Tawfeel Almansoor was born in Bahrain on the 14th of November, 1957. He obtained a bachelor's degree in law at Cairo University in 1980 as well as a diploma in international law from The Hague Academy of International Law in 1988. He joined the country's Ministry of Foreign Affair's in 1981, working under the legal directorate until 1990.

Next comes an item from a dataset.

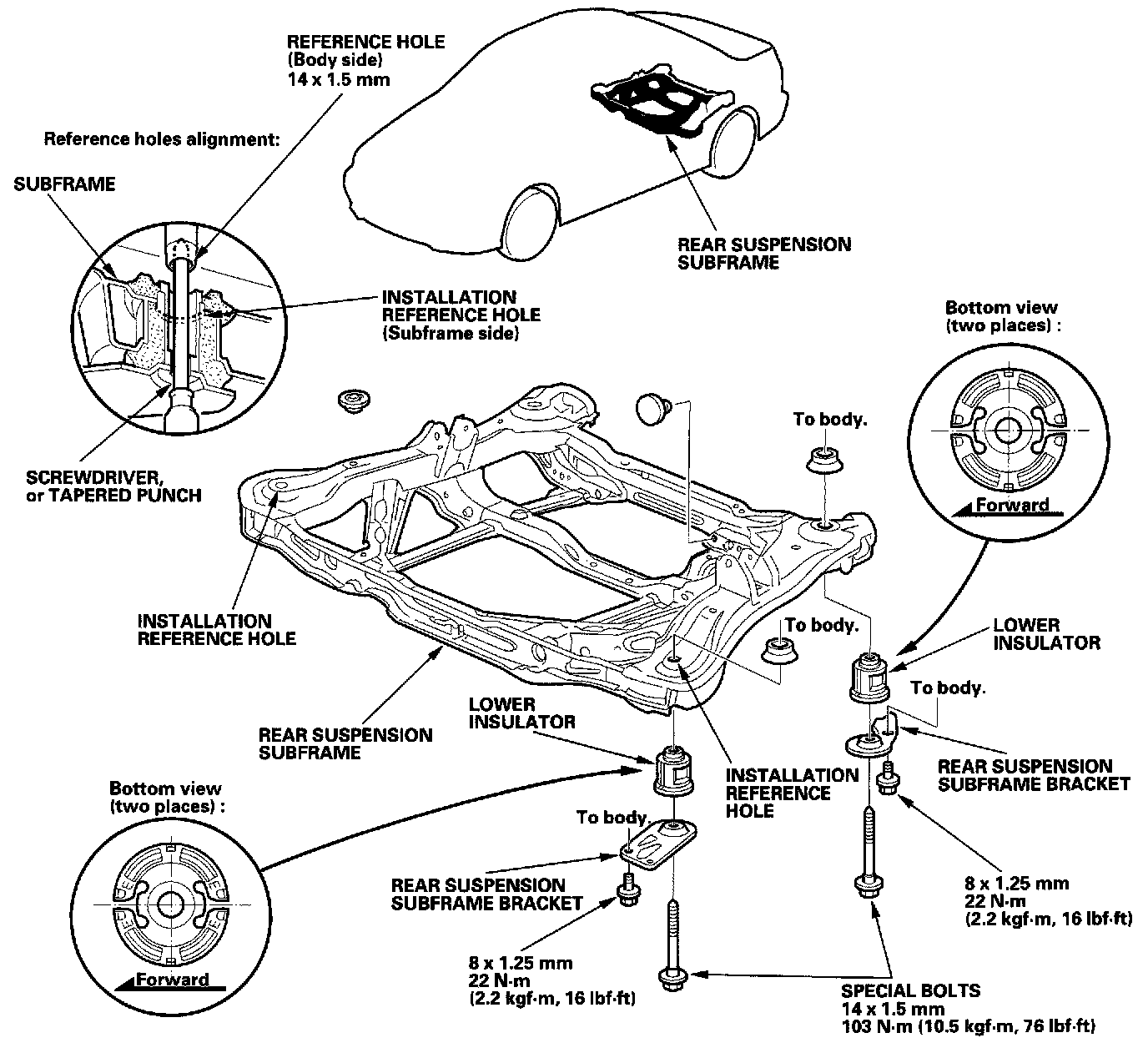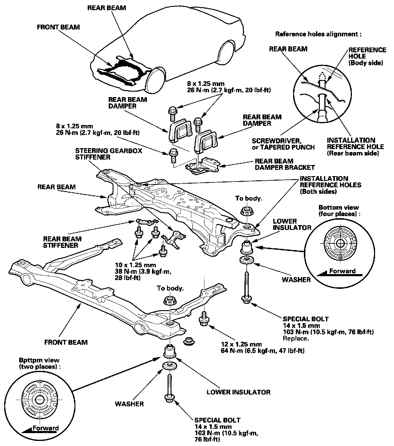 After loosening the subframe mounting bolts, be sure to replace them with new ones.

Since 1990, he has worked as first secretary for the Bahraini embassy in Washington DC. From 1995 to 1999, he became the first secretary of Bahrain's mission to the United Nations wherein he represented Bahrain at the UN General Assembly three times (1997—1999) and the UN Security Council after the country was voted into the council in 1997. In 1999, he was awarded a master's degree in international relations from St John's University, New York. From August 1999 to 2001, he was reassigned as deputy chief of the Bahraini embassy in Cairo, Egypt. As part of his tenure, he represented Bahrain at various Arab League summits during this time.

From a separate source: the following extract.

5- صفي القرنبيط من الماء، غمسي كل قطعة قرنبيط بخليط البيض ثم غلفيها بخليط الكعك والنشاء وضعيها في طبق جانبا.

In September 2001, he was appointed as ambassador of Bahrain to the Russian Federation, a position he held until May 2003 when he became the Bahraini ambassador to the United Nations. One of his duties include promoting Bahrain through Arab states. Almansoor was appointed as the permanent representative to the United Nations for the Kingdom of Bahrain in 2003 and remained at this post until 2011. He currently servies as Assistant Undersecretary for Western Countries & Afro-Asian Affairs at the Bahraini foreign ministry.